Pillebout Evangéline
Nephrology and Renal Transplant Unit, St Louis Hospital, 1 Avenue Claude Vellefaux 75010, Paris, France.
Semin Nephrol. 2024 Sep;44(5):151571. doi: 10.1016/j.semnephrol.2025.151571. Epub 2025 Mar 11.
IgA vasculitis (IgAV) is considered a systemic form of IgA nephropathy (IgAN). The two diseases share similar geographic and ethnic distribution, along with common variants in genetic association studies. The pathophysiology of IgAN and IgA vasculitis nephritis (IgAVN) can be explained by the four-hit hypothesis. Key molecules involved at each step in both diseases were evaluated as diagnostic and prognostic biomarkers with many common factors, most prominently serum galactose-deficient IgA1. On kidney biopsy, the two diseases are indistinguishable, and the established histological Oxford classification for IgAN will soon be validated for IgAVN. Chronic lesions (segmental glomerulosclerosis and tubular atrophy / interstitial fibrosis) seem more frequent in IgAN, while proliferative lesions (endocapillary hypercellularity and crescents) are more frequent in IgAVN, which could explain the worse IgAN renal prognosis. Due to characteristic skin rash, IgAVN patients are diagnosed precociously. Conversely, the frequent absence of overt clinical signs in IgAN leads to a delayed diagnostic kidney biopsy in the disease evolution, which explains the chronic pathologic lesions. From a therapeutic perspective, while impressive advances have been made in recent years for IgAN, there is a glaring lack of evidence-based guidelines for the treatment of IgAVN. Large therapeutic clinical studies are required, and future IgAN trials should include IgAVN.

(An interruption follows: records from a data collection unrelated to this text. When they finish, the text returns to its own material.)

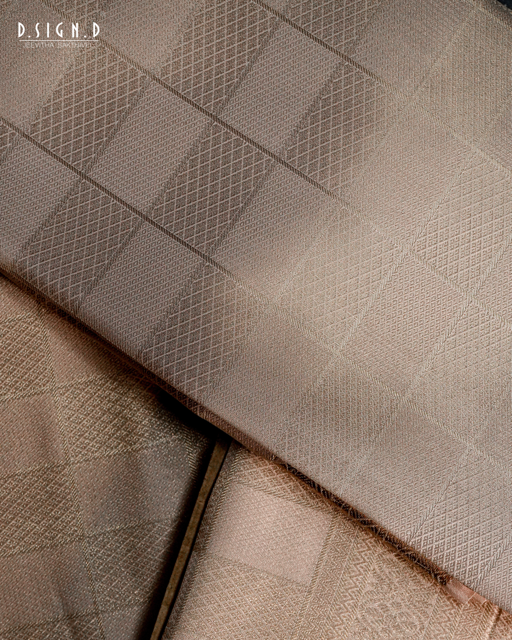 Indulge in refined luxury with the Rose Gold Tissue Kattam Fine-Silk Dhoti Set, meticulously woven from premium fine silk with a radiant tissue finish. The elegant rose gold hue adds a contemporary charm while the classic pattu kattam (checked weave) and rich zari borders elevate the ensemble with traditional grandeur. Its soft, fluid drape and delicate shimmer make it an exquisite choice for weddings, receptions, temple ceremonies, and festive occasions—perfect for grooms and families who appreciate understated opulence.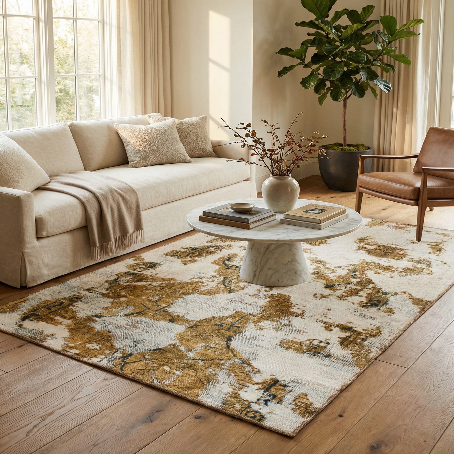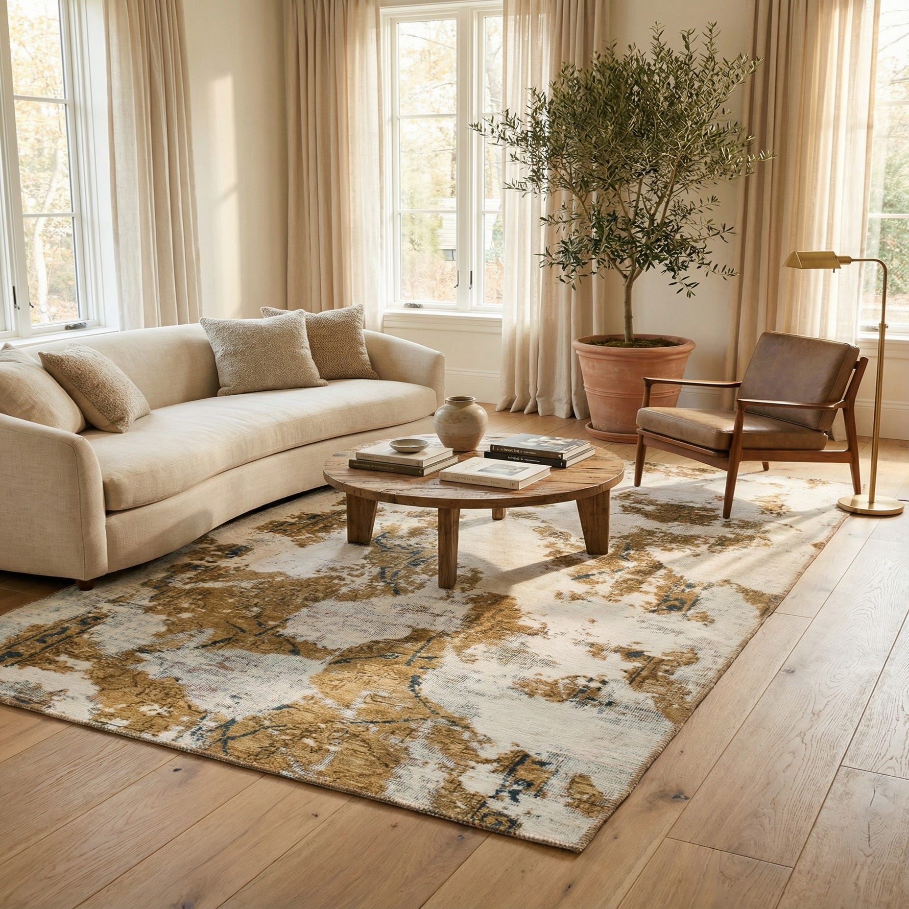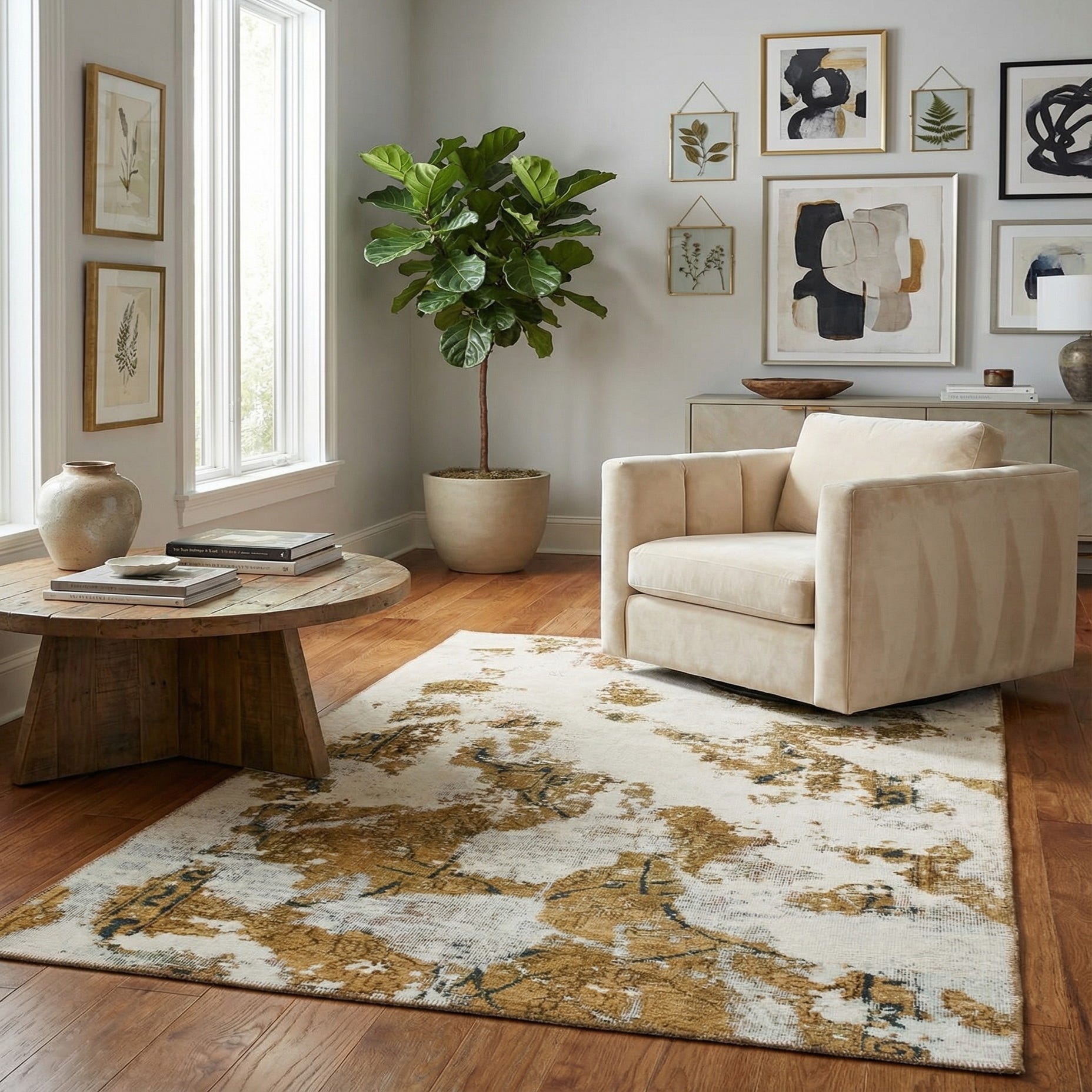 Primary color is Cream. Colors in this rug include: Cream, Beige, Brown, Olive, Hunter Green.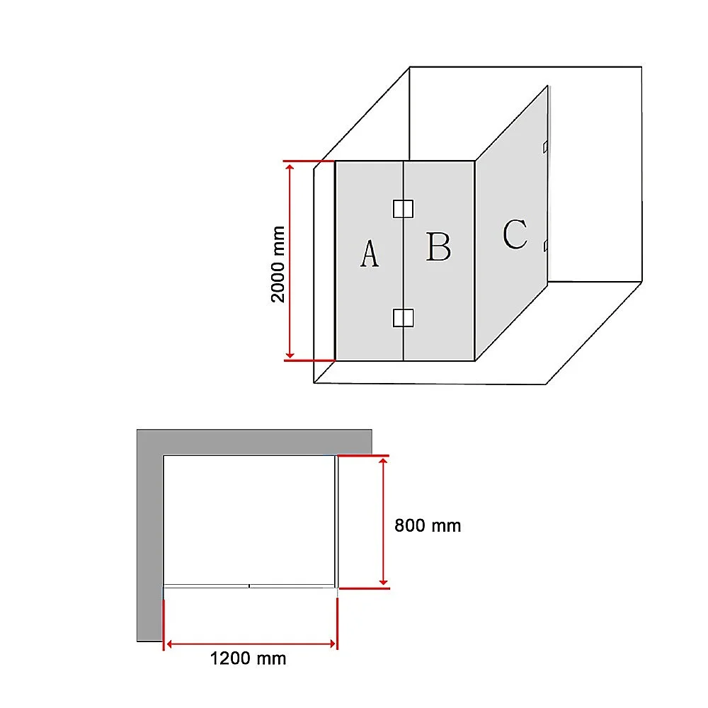 Della Francesca Frameless Shower Screens - Great Style for an affordable Price 1200 x 800 x 2000 Square Shape Finish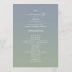 Simple Ombre Dusty Blue & Green Wedding Ceremony Program. This modern minimal Order of Services Card is simple classic and elegant with a subtle ombre gradient fade and a pretty signature script calligraphy font with tails. Shown in the new Colorway. Available in several colour options, or feel free to edit the colours from within the editor (click customise further while personalising).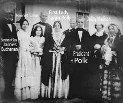 This is likely a Sunday afternoon, post-church daguerreotype of then Secretary of State and future 15th President James Buchanan (on left), his niece Harriet Lane, First Lady Sarah Childress Polk and our 11th President James Knox Polk (in center) and former First Lady and revered national matriarch Dolley Madison (2nd from left – she moved during the long exposure time). They are all dressed in their Sunday finery or possibly before a state dinner or diplomatic reception.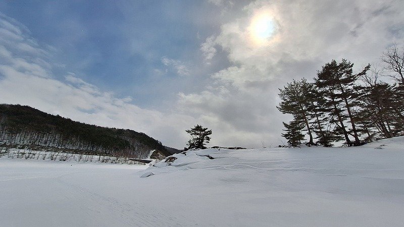 氷上が雪化粧で現状維持状態になった岩洞湖へ。6時氷上に降り最近好調なポイントへ。7時半スタートしましたが前回よりも小型が多くなりアタリがあっても鈎に掛からない悶絶ポイントに変貌。8:00に52匹→9:00に121匹→10:00に195匹→10:30に230匹で乗らないアタリがかなりあり魚探は常に映ってるので掛けれる人はまだたくさん釣れると思います。ちょっと手に負えない感じだし、行者味噌ラーメンを今季1回も食べてなかったことを思い出し10時半上がりでした!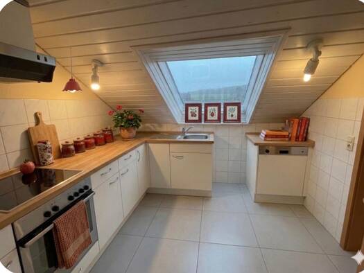 Wohnen barrierearm auf einer Etage, dazu gibt es noch einen großen Dachspeicher und sechs Kellerräume. Auf 105 Quadratmetern gibt es ein großes Wohn-Esszimmer, drei weitere ZImmer, Küche, ein Bad und...

IgA血管炎(IgAV)被认为是IgA肾病(IgAN)的一种全身性形式。这两种疾病在地理和种族分布上相似,并且在基因关联研究中有共同的变异。IgAN和IgA血管炎肾炎(IgAVN)的病理生理学可以用四击假说来解释。在这两种疾病的每个步骤中涉及的关键分子都被评估为具有许多共同因素的诊断和预后生物标志物,最突出的是血清半乳糖缺乏IgA1。在肾活检中,这两种疾病无法区分,并且已建立的IgAN组织学牛津分类法很快将在IgAVN中得到验证。慢性病变(节段性肾小球硬化和肾小管萎缩/间质纤维化)在IgAN中似乎更常见,而增殖性病变(毛细血管内细胞增多和新月体)在IgAVN中更常见,这可以解释IgAN较差的肾脏预后。由于特征性皮疹,IgAVN患者诊断较早。相反,IgAN中经常没有明显的临床体征导致在疾病进展中诊断性肾活检延迟,这解释了慢性病理病变。从治疗角度来看,虽然近年来IgAN取得了令人瞩目的进展,但IgAVN治疗缺乏基于证据的指南。需要进行大型治疗性临床研究,未来的IgAN试验应包括IgAVN。